Welcome to this meeting to celebrate the life and work of our comrade Daniel Bensaid who died on January 12th.

Socialist Resistance which has organised this event is the section of the Fourth International in Britain and as you will all be aware Daniel was a prominent member of the International for the bulk of his political life. Like Chris Harman who also died recently Daniel was one of that generation who were brought to revolutionary politics by the wave of internationalism, militancy and class struggle that swept the world in the 1960s and 70s. Unlike many of their contemporaries Daniel and Chris lived and died as unrepentant, unbroken fighting socialists.

Last weekend in this building members of SR met in this building to discuss the International’s upcoming World Congress and to a great extent our debates were influenced both by Daniel’s personal legacy and the revolutionary Marxist tradition of which he was a part.

I’d like to briefly spotlight three elements of this legacy.

The first is an inflexible commitment to revolutionary democracy. You can see if you read the conference documents on the International Viewpoint website that a range of contending views are expressed. To borrow Rosa Luxemburg’s aphorism “freedom is only the freedom to dissent” and in common with other Fourth Internationalists Daniel vigorously defended this right in his own organisation and the organisations of the working class. Anyone familiar with the life of the LCR will be aware of its culture of lively debate and more or less comradely disagreement. We think that this has helped it emerge as a small but significant force in French politics.

The second is a shared conception of the necessity for a broad class struggle party to fill the political vacuum being created by the Europe wide march to the right of the traditional workers’ parties. Different national settings impose different tactical choices. The LCR decided to dissolve itself in order to establish the NPA. This was not an uncontroversial choice inside the Fourth International. In Britain members of SR are active inside Respect which we see as a potential component of a broader working class party and in our discussions over the weekend the French experience was an important point of reference and it has been one which has strongly influenced our political approach in recent years.
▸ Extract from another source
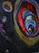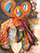Acryl, Ölkreide, Beize, Papier, Knopf auf Leinwand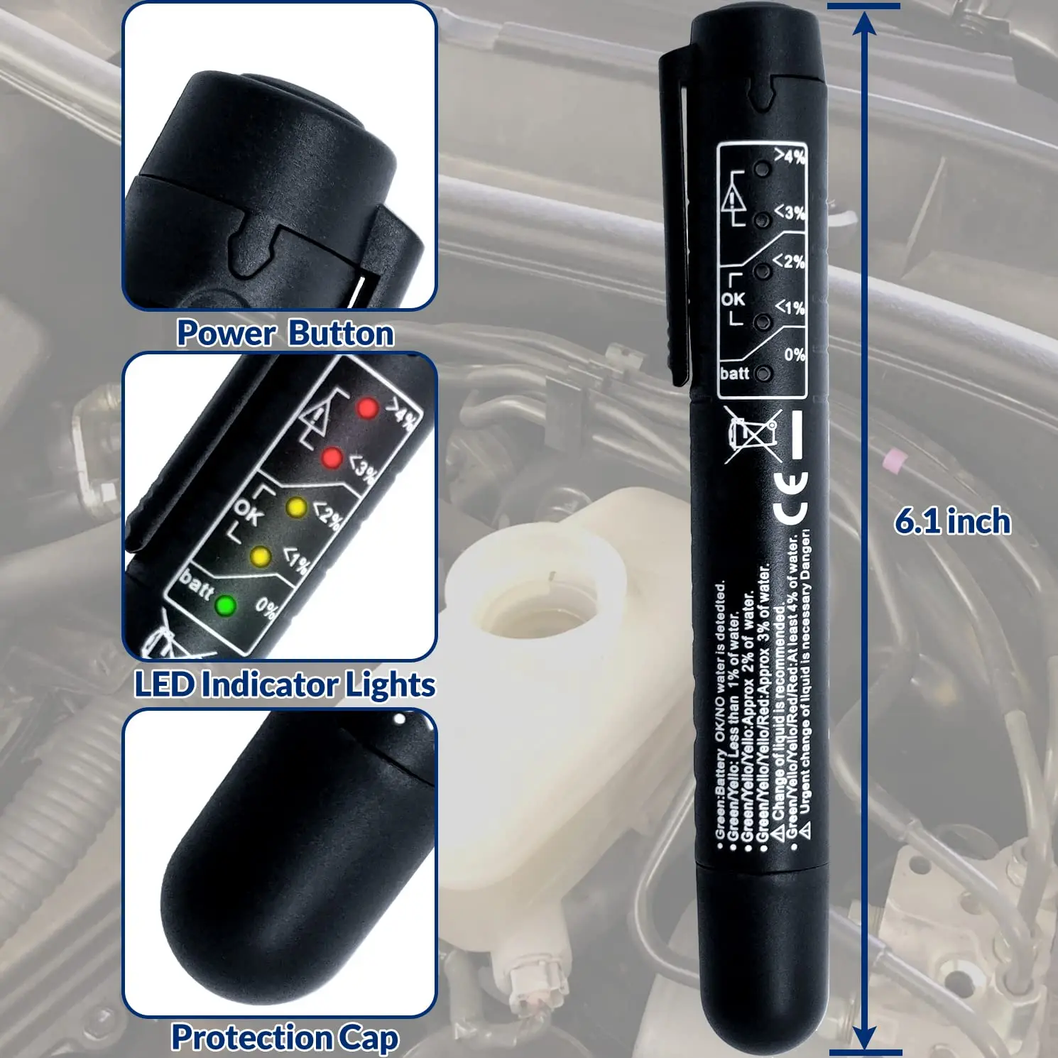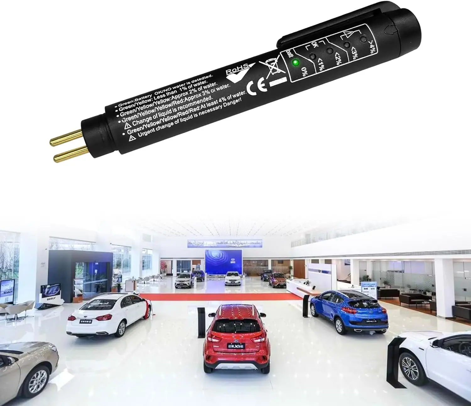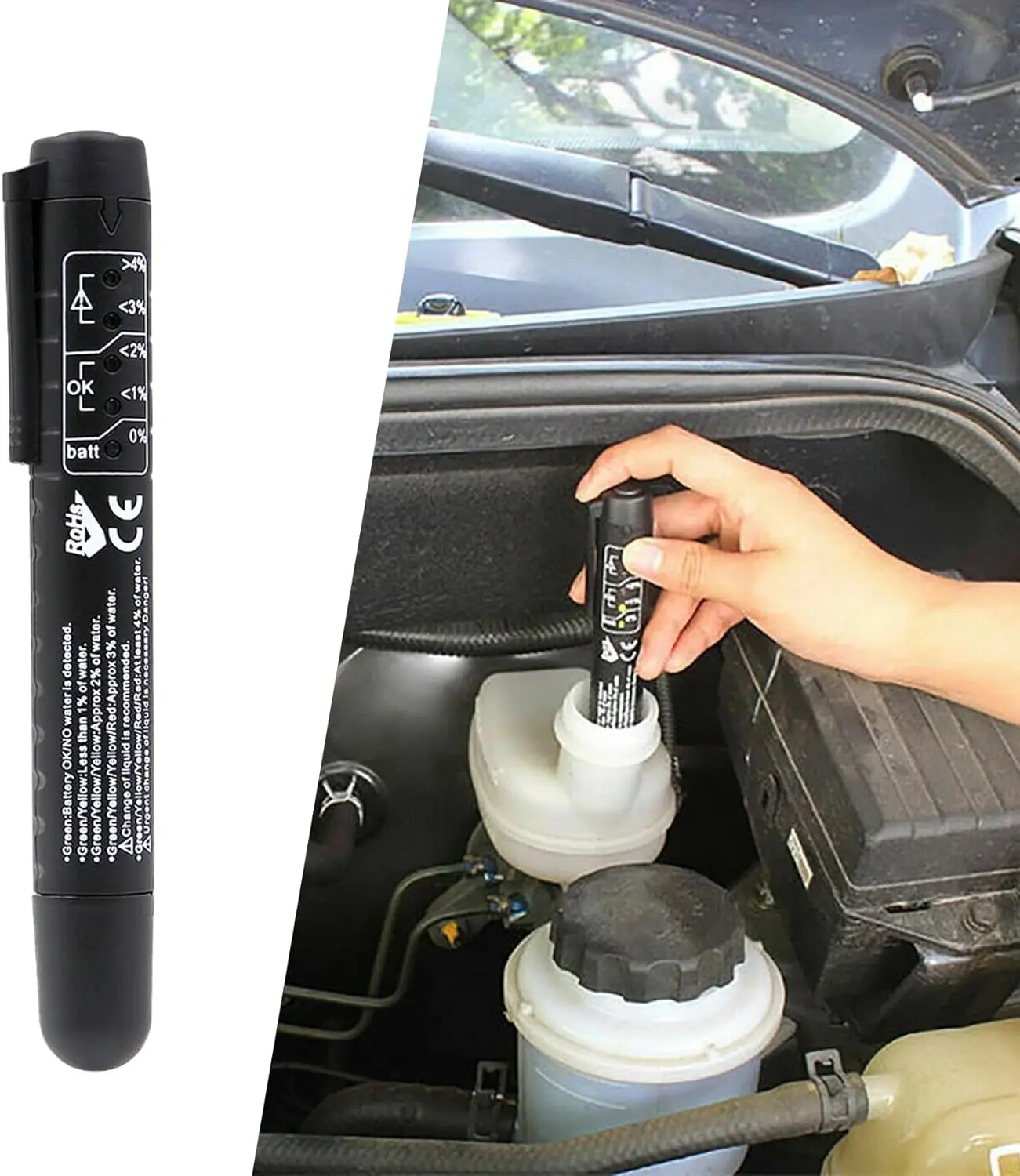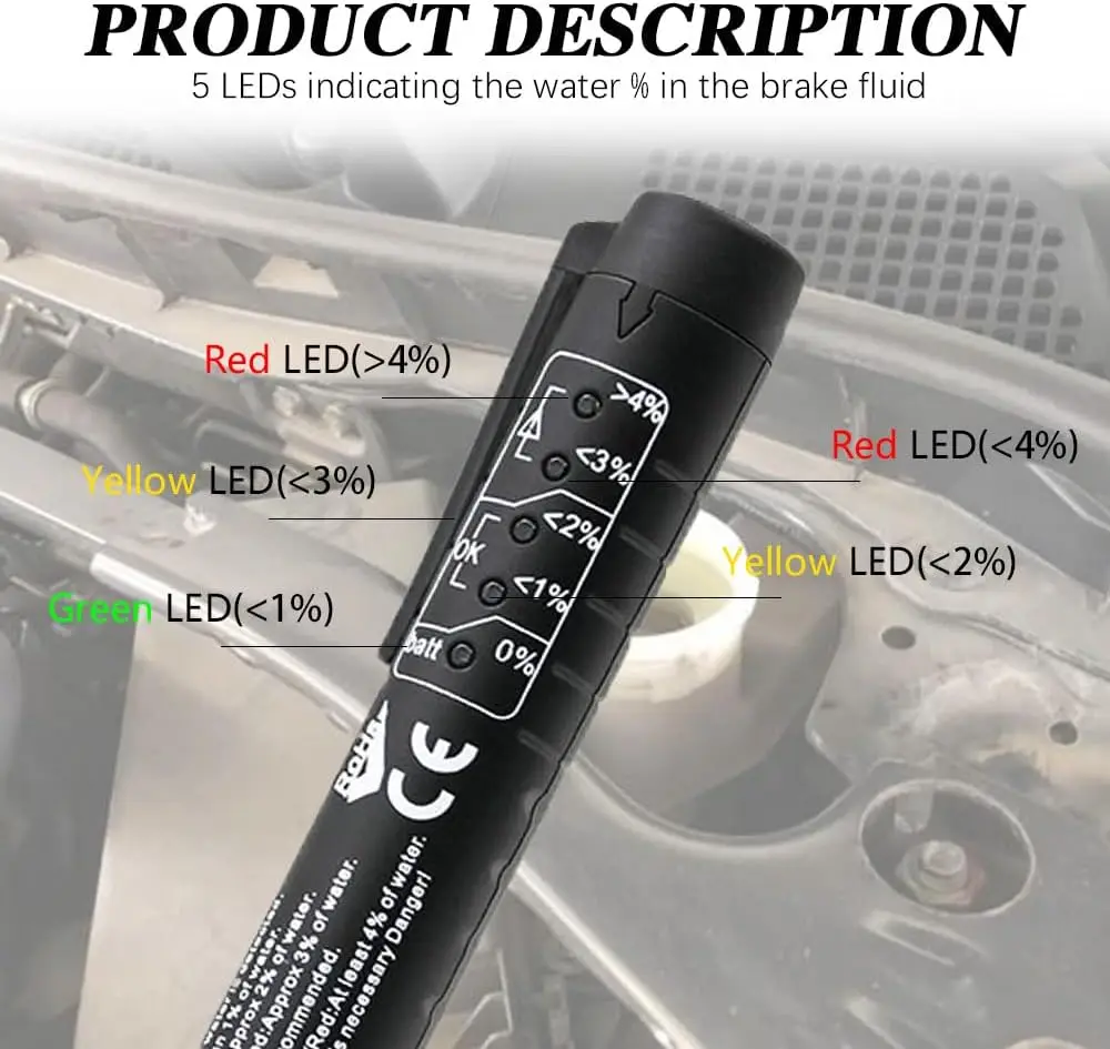 Step 3. Dip the test probe into the brake fluid and the LED light will indicate the percentage of water in the brake fluid.

The third and final point I want to make is a shared awareness of the necessity to see Marxism as a creative instrument with which we can change the world. Just as in the 1960s and 70s Marxists were obliged to deal with the new realities created by the women’s movement and the LGBT movement now we have to integrate an understanding of ecology in a way that is novel for many of us. An attempt to elaborate a Marxist approach to the catastrophic climate change that capitalism is creating has been a central part of the political work that SR has been involved in over recent years – to the extent that we call ourselves an ecosocialist current in order to register the centrality of this issue in our politics. Again this is being reflected in the discussions in the International. This is only right since unless the working class and its organisations elaborate our response to climate change the people who created the problem will impose theirs.

So it’s apt that on the day when as the result of the crooks, gamblers and speculators  who play the currency markets the working classes of Greece, Spain, Ireland and Italy are facing attacks on their pensions, wages and social services that we meet to honour Daniel.